Orally administered dextran sulfate sodium (DSS) induces colitis in mice and closely mimics human ulcerative colitis pathology [9]. DSS induces colitis by damaging the intestinal epithelial monolayer, followed by the dissemination of pro-inflammatory intestinal contents (e.g., bacteria and their products) into underlying tissue, allowing the uncontrolled activation of immune cells [10]. Of those cytokines, prominent KC (also referred to as CXCL1) secretion results in the recruitment of neutrophils, which produces further epithelial destruction [11]. KC induction is mediated by the NF-κB pathway in several cell types [12-15]. DSS also directly induces secretion of IL-8 (also referred to as CXCL8), a functional homologue of murine KC, in a human colonic epithelial cell line in vitro [16]. It is well known that DSS induces a loss of body weight proportionate to the extent of colonic inflammation [10]. Loss of body weight also has a positive correlation with aggravated colitis in IBD patients [17].
Propolis is a wax-like substance gathered by honeybees from the resinous exudates of buds, leaves, branches, and barks found in the vicinity of the beehive [18]. Propolis extracts contain numerous compounds known to exert anti-bacterial, anti‐inflammatory, and antioxidant properties [19, 20]. Propolis, and therefore propolis extract, contains a mixture of complex pharmacologic compounds that differs greatly depending on the geographical region from which it is collected [19]. A report recently showed that the gut microbiome changed differently in rats fed Brazilian propolis and Chinese propolis [21]. Therefore, it is important to assess the efficacy of propolis extract from diverse sources to determine whether propolis extracts can be used to reduce intestinal inflammation.
Currently, Brazilian and Chinese propolis extracts have been tested on various inflammation models, including rodent models of colitis.
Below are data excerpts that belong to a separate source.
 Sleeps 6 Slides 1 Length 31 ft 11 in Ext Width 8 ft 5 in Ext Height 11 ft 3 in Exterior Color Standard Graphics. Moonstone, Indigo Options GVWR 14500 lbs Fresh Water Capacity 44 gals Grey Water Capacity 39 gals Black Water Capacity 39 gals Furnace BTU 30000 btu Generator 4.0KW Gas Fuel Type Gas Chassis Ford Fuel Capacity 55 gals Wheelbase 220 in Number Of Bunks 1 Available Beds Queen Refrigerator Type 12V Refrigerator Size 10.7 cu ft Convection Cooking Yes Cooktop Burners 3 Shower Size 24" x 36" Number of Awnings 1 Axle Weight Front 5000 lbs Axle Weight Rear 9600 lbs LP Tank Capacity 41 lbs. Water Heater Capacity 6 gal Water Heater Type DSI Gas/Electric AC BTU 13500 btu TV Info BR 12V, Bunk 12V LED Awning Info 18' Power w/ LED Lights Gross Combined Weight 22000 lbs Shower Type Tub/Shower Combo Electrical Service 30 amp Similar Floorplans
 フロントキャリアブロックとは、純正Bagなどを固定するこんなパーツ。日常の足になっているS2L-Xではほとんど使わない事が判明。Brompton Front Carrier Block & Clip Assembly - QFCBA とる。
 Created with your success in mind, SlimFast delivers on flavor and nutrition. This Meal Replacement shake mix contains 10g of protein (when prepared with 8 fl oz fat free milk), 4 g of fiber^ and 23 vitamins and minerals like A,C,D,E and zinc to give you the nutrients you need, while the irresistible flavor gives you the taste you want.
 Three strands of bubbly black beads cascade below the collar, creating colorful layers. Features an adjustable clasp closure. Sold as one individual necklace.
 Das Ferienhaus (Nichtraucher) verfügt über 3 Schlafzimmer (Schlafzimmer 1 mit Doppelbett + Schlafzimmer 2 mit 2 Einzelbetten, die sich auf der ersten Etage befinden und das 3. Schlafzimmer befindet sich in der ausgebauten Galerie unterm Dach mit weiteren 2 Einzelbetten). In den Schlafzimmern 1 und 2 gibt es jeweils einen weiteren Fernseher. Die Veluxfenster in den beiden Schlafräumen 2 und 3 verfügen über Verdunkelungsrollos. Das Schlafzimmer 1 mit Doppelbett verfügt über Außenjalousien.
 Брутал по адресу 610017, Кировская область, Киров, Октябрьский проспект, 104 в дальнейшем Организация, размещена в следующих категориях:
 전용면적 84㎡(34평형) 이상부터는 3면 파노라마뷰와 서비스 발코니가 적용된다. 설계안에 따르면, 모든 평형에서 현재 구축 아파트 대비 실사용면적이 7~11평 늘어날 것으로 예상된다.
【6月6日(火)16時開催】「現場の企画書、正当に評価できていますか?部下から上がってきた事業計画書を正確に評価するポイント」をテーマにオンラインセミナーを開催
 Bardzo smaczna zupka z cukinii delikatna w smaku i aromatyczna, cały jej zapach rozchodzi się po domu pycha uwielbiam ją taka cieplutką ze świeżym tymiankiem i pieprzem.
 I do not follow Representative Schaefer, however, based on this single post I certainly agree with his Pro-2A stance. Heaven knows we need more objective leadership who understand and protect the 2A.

In an acetic acid-induced colitis model, rats given Brazilian propolis extract showed reduced colonic inflammation [22]. Similarly, using a DSS model of colitis, Brazilian propolis extract orally administered to Swiss mice decreased colonic inflammation [23]. Consistent with the protective effects demonstrated by Brazilian propolis extracts, Chinese propolis extract attenuated high-fat diet-exacerbated colonic inflammation by DSS in rats [24]. However, to our knowledge, the effects of Korean propolis have not been studied or examined in the DSS model of colitis in mice. Herein, we show that Korean propolis extract ameliorated DSS-induced colitis in BALB/c mice.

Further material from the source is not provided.